Amy Rees Anderson: Being passionate about work can increase chance of success
Mark A. Philbrick, BYU
Editor's note: This article written by Amy Rees Anderson originally appeared on Forbes.com and is being reprinted with her permission.
Often times I am asked to speak on topics such as entrepreneurship, leadership, corporate culture, and so on. Whenever I speak at universities, one of my favorite questions to ask students is, "What career do you want to pursue," or, "What business do you plan to begin?" After I hear their initial response, I then like to ask, "Now, suppose I gave you a check for $10 million dollars today and told you that you could pursue any career path or start any business you wanted to, with no expectation that you would ever pay me back or generate a return on my investment — in fact, I could't care less if the business never makes a dime. Now tell me what career you would pursue or what business would you want to begin." It is amazing to hear how often their answers will change to something completely different. Why is that?
Further discussion typically leads them to share the same conclusion:they are pursuing the path they believe will be the safest bet to a steady income, and in most cases that path does not include pursuing the career of their dreams or the idea that they are most passionate about. So then one has to consider if they are making the right choice. Does being passionate about the work you do increase your chance of success?
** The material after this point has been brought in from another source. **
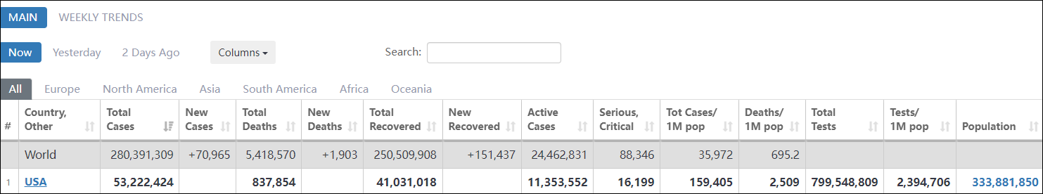 根據蘇伊斯提到的worldometers網站數據,截至2021年12月27日格林尼治標準時間11:11,美國新冠肺炎累計確診病例居於全球222個國家和地區之首,達到53222424例,累計死亡病例同樣居於首位,達到837854例。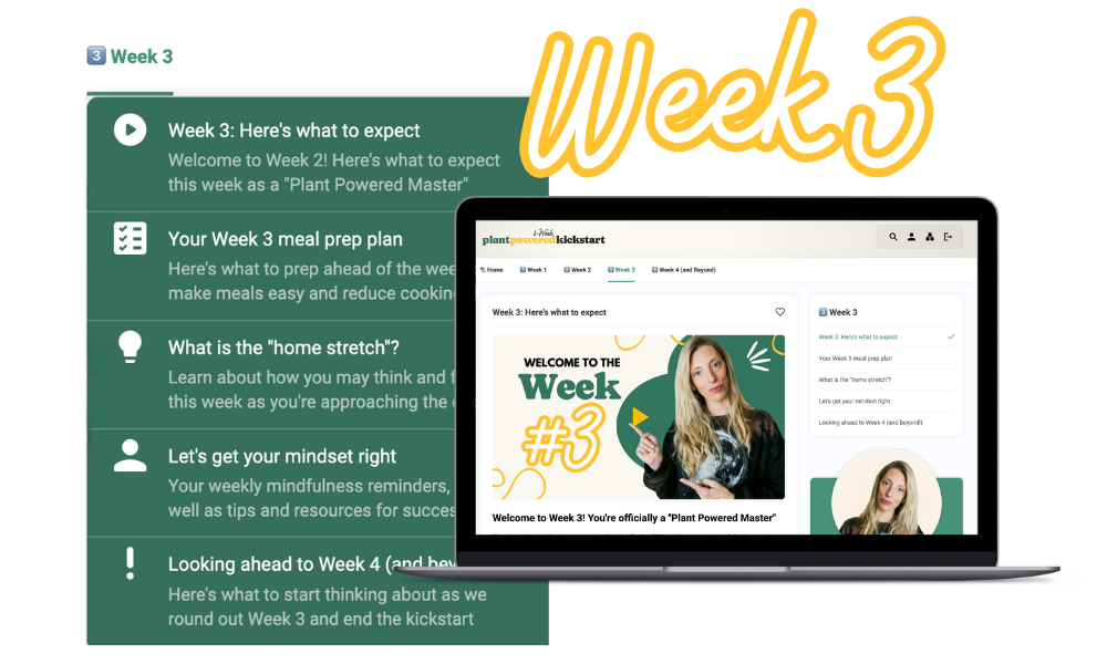 The 3 Week Plant Powered Kickstart program is made up of 3 core parts:

I can't say that there is an exact right or wrong answer to that question, I can only share my own thoughts about it and then invite all of you to share your comments as well, respecting the fact that there are likely a wide range of opinions on this topic. Here are my thoughts:
I will start with a story about myself. I started working in healthcare at the age of 15. At the time, I can't say that I took a job in healthcare because I had a passion for it. Heck, I was only 15! All I was passionate about was being able to afford name brand jeans. As the years went by and my experience in healthcare deepened, it was the obvious choice for me to launch my first company in that industry. I understood the industry, I felt confident about it, and I had the contacts and the network in that space. Was I passionate about the industry? I suppose I never stopped to ask myself that question at the time. By then I was a mother with two small children I needed to support and my passion was being able to keep them fed and clothed with a roof over their heads.
As I became an entrepreneur running my own company, I quickly discovered that the things I was most passionate about were being able to see a problem and then figuring out a way to solve it by designing software that could simplify and streamline the problem. I also had a passion for wanting to become a good leader for my people. Note that neither of these passions required industry specificity. The truth is that I could have fulfilled them in any type of business, but with my past experience and knowledge, healthcare technology became the industry of choice to pursue my passion. And thank heavens I had that passion because when times got tough — which they always do in business — it was my passion that drove me and helped me persist through the worst of times. Had I not had the passion I honestly don't believe I could have led the growth of the company to the level that we achieved.
For some, their passion may be tied to a specific industry, like medicine, or law, or science, but I tend to believe that for most their passion is tied to a desire, such as to lead, or to teach, or to help others. And often times these passions can be pursued in myriad jobs or industries.